Prāyaścitta for Mahāpātakas: Liquor, Theft, Sexual Transgression, Contact with the Fallen, and Homicide
फलदानां तु वृक्षाणां छेदने जप्यमृक्शतम् / गुल्मवल्लीलतानां तु पुष्पितानां च वीरुधाम्
phaladānāṃ tu vṛkṣāṇāṃ chedane japyamṛkśatam / gulmavallīlatānāṃ tu puṣpitānāṃ ca vīrudhām
Si l’on abat des arbres qui portent des fruits, qu’on expie en récitant cent strophes Ṛk. De même, pour avoir coupé des arbustes, lianes, plantes grimpantes et herbes fleuries, la même récitation expiatoire est prescrite.
Sūta (narrator) conveying the Kurma Purana’s dharma-teaching on prāyaścitta
Primary Rasa: karuna
Secondary Rasa: shanta
Indirectly: it frames dharma as restraint and reverence for life-supporting beings; such ethical purification supports inner clarity (śuddhi) that is traditionally held to be necessary for realizing the Atman.

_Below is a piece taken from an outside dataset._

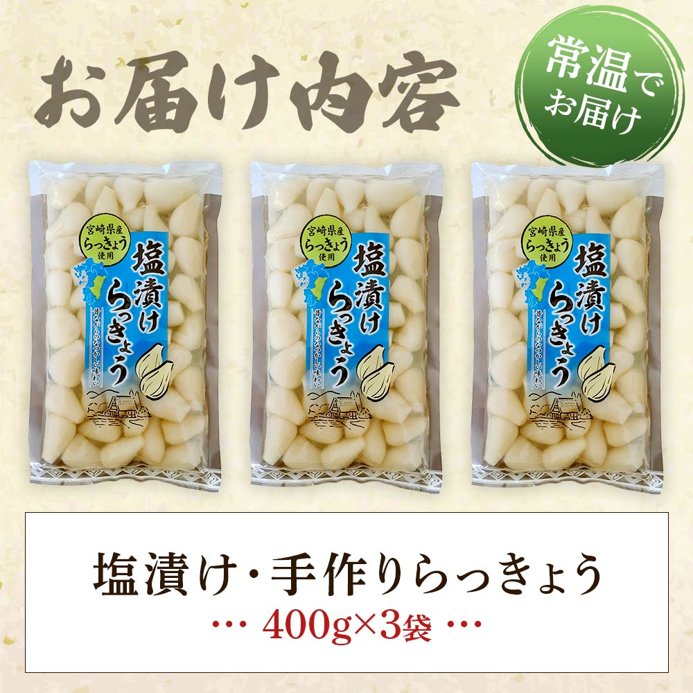 <手づくりらっきょう 400g×3袋セット>ラッキョウ 辣韭 漬物 国産 宮崎県産 【MI321-ko】【株式会社上沖産業】

Mantra-japa (recitation) is prescribed as prāyaścitta. In the broader Kurma Purana ethos, disciplined japa functions as a purifying practice that steadies the mind and aligns action with dharma—an ethical base compatible with Pāśupata-oriented sādhana.
It does not explicitly mention Shiva–Vishnu unity; instead it presents a shared dharmic framework—Vedic mantra-japa and ahiṃsā—common to both Shaiva and Vaishnava practice in the Kurma Purana’s synthetic religious landscape.